You'll need some sort of tubing that will fit tightly over the caliper bleed nipple, and then run this tubing into some sort of pot. You can buy this bleeding kits quite cheaply or make your own.
Starting on the caliper that is the furthest away from the master cylinder first (this is important), stick the tubing on the nipple, and undo it slightly - will probs only need 1/4 of a turn after being cracked off.
Get some one else to pump the brake pedal - the fluid will flow thru the tubing and into your container/pot. Watch the fluid flowing through the tubing and look for bubbles of air or dirty fluid passing through - get your assistant to keep pumping until neither of these are present in the tube - it should start coming through clean and free of air bubbles. Make sure you do a minimum of 10 pedal pumps per corner regardless to ensure a decent amount of fluid has come out.

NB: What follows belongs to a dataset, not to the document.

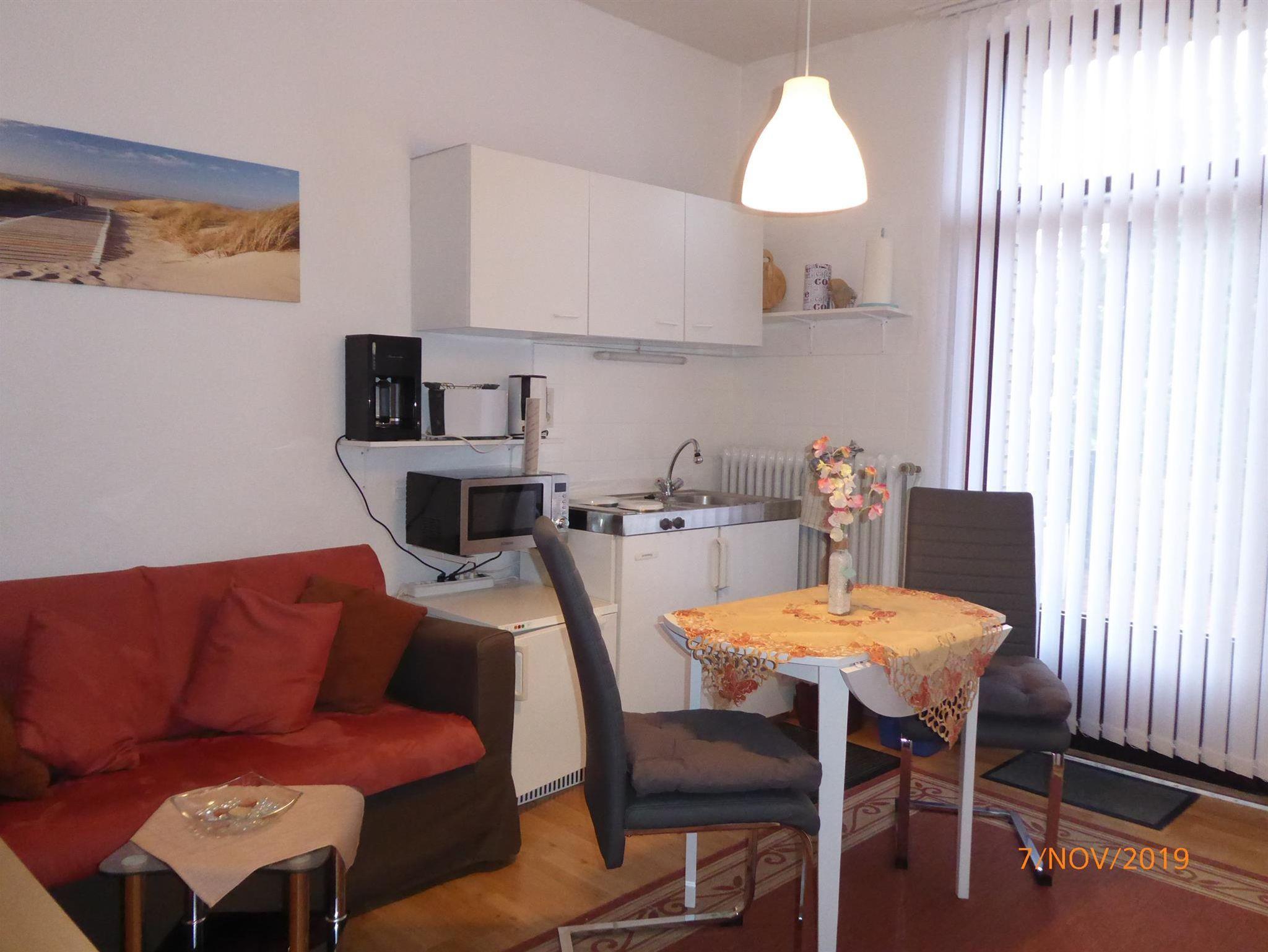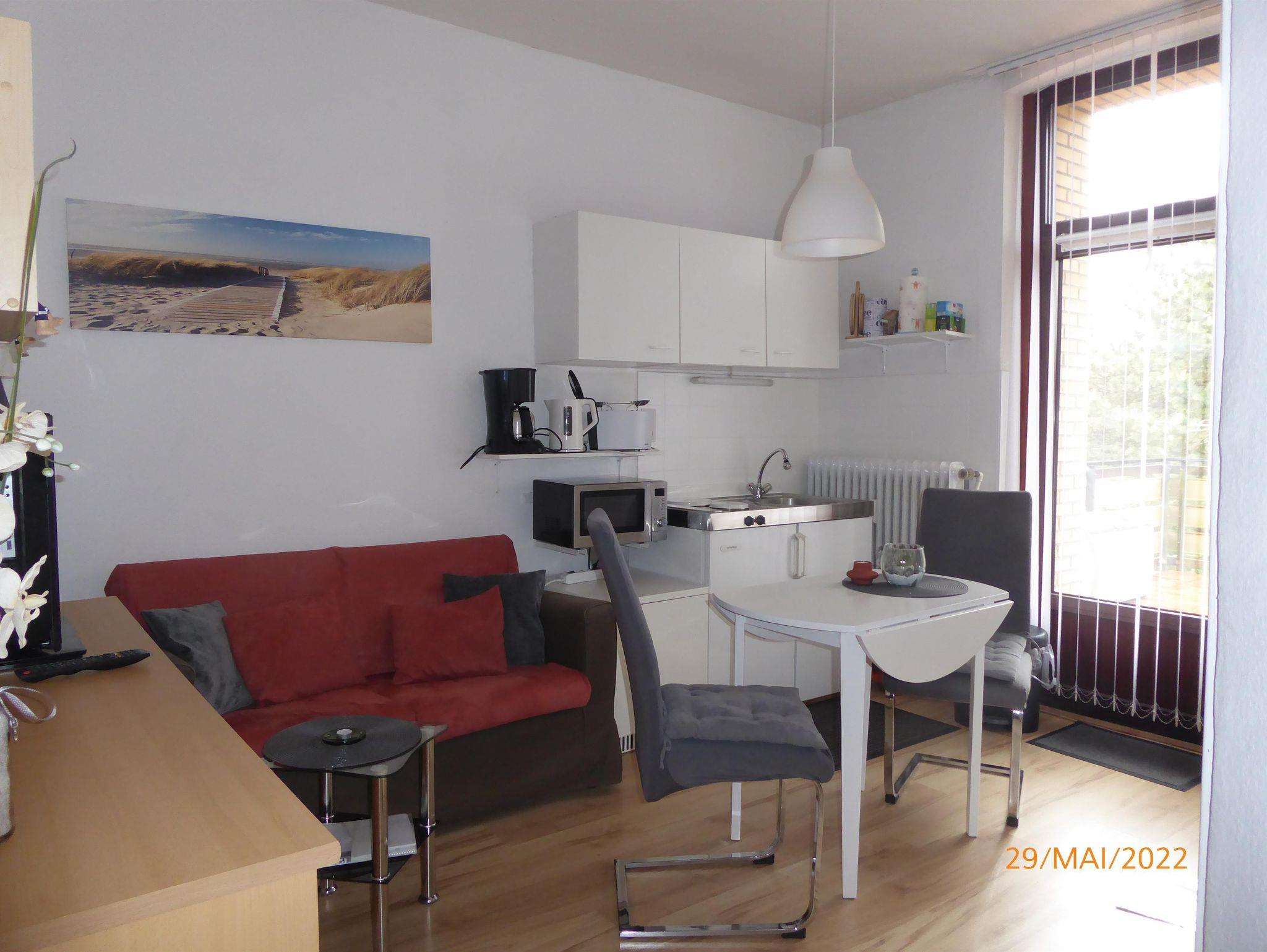 Wohnraum inkl. SAT-TV und kleiner Stereoanlage, mit integrierter Pantryküche. (Microwelle, Wasserkocher, Töpfe, Geschirr, etc. vorhanden.)Wir möchten Sie darauf hinweisen ,dass es ein Nichtraucherappartement ist !

When your satisfied, tell your assistant to stop pumping and keep the brake pedal down to the ground, until you have tightened the bleed nipple back up.
Top the brake fluid reservoir up the max mark with new fluid.
Repeat this process for all four corners, going in order from the corner which is furthest away from the master cylinder, with the corner closest being the last caliper to bleed.
When you have done all 4 corners, pump the brake pedal and it should go hard and feel firm, with no spongy-ness. If the pedal is spongy, then you havent done it correctly and will need to start again.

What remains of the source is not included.